= WORK INSTRUCTIONS =
Repeat the data below exactly, dropping any pictures it holds.

= SOURCE MATERIAL =
━━━━━━━━━━━━━━━━━━━━
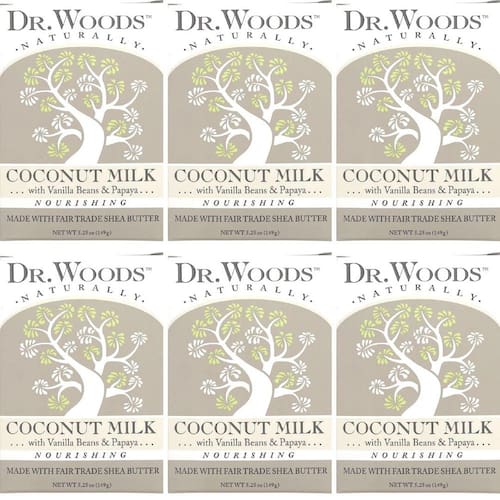 - Dr. Woods O sabonete de leite de coco mistura leite de coco, mamão e favas de baunilha para relaxar seus sentidos, enquanto enriquece sua pele com manteiga de karité orgânica e vitamina E
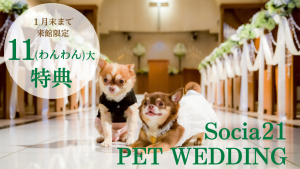 ペットと一緒に結婚式を挙げたいと考えているカップル様専用のプランが登場!期間限定の11大(わんわん)特典付きのプランは、大切なゲストをお迎えするウェルカムドッグやチャペル挙式のリングドッグ入場、証明書への肉球署名、ペットの可愛い姿が沢山見られるのはペットウェディングになること間違いなし♪
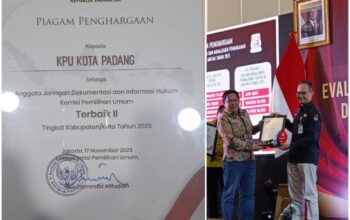 Padang,-Komisi Pemilihan Umum (KPU) Kota Padang kembali raih penghargaan peringkat satu sebagai Badan Publik Informatif untuk kategori KPU Kabupaten dan Kota Padang Malam Anugrah Keterbukaan Informasi Sumatera Barat pada Selasa 18 November 2025.
━━━━━━━━━━━━━━━━━━━━
= RESPONSE TO THIS EXERCISE =
 - Dr. Woods O sabonete de leite de coco mistura leite de coco, mamão e favas de baunilha para relaxar seus sentidos, enquanto enriquece sua pele com manteiga de karité orgânica e vitamina E
 ペットと一緒に結婚式を挙げたいと考えているカップル様専用のプランが登場!期間限定の11大(わんわん)特典付きのプランは、大切なゲストをお迎えするウェルカムドッグやチャペル挙式のリングドッグ入場、証明書への肉球署名、ペットの可愛い姿が沢山見られるのはペットウェディングになること間違いなし♪
 Padang,-Komisi Pemilihan Umum (KPU) Kota Padang kembali raih penghargaan peringkat satu sebagai Badan Publik Informatif untuk kategori KPU Kabupaten dan Kota Padang Malam Anugrah Keterbukaan Informasi Sumatera Barat pada Selasa 18 November 2025.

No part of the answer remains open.